#### DATA SUPPLIED ####

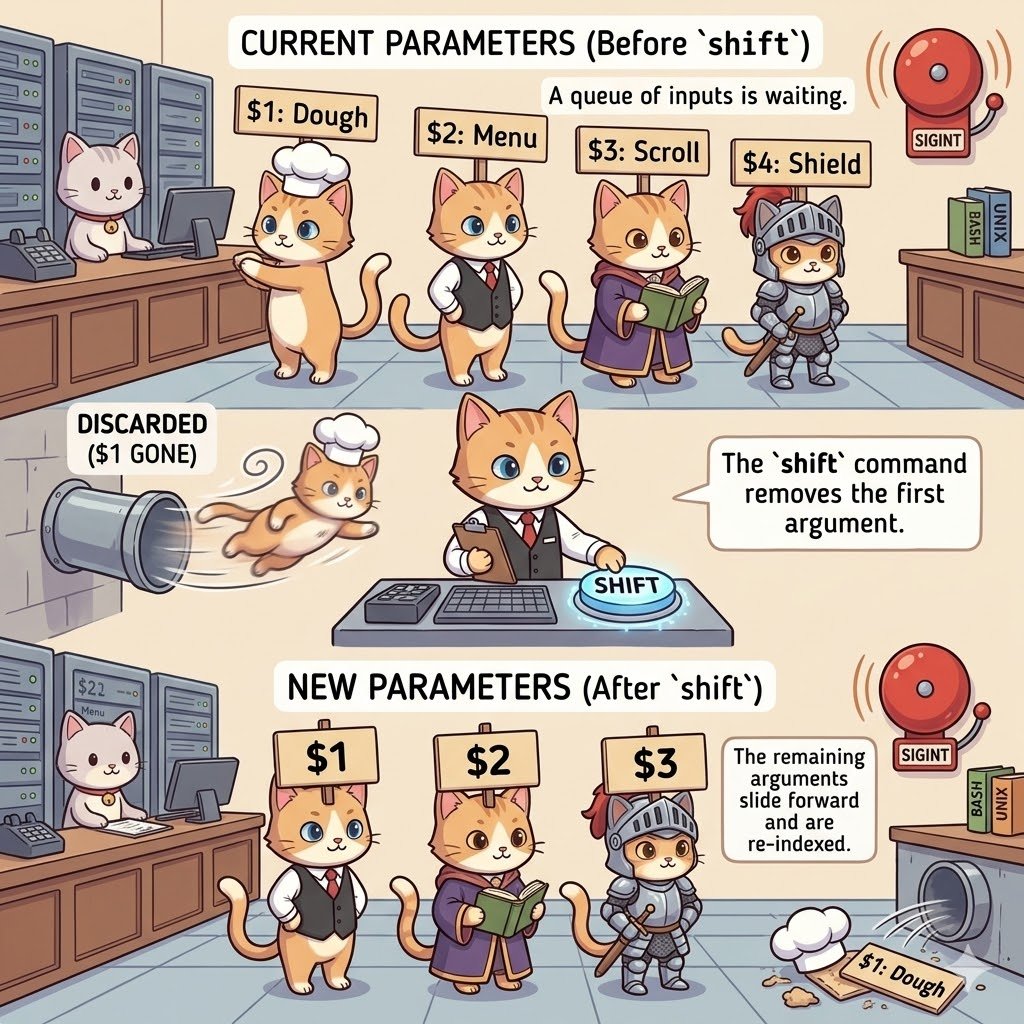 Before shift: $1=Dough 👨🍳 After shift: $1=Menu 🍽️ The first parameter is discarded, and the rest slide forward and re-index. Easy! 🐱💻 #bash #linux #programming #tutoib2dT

####
#### DATA SUPPLIED ####

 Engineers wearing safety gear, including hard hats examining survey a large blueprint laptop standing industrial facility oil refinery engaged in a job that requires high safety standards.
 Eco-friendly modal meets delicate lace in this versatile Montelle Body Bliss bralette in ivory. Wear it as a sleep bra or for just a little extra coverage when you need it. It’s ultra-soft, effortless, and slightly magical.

####

● **TASK**
In the data above, start at the line that has "Engineers wearing safety", stop after the line that has "Eco-friendly modal meets", and print every line in between exactly as it stands.

● **RESPONSE AREA**
 Engineers wearing safety gear, including hard hats examining survey a large blueprint laptop standing industrial facility oil refinery engaged in a job that requires high safety standards.
 Eco-friendly modal meets delicate lace in this versatile Montelle Body Bliss bralette in ivory. Wear it as a sleep bra or for just a little extra coverage when you need it. It’s ultra-soft, effortless, and slightly magical.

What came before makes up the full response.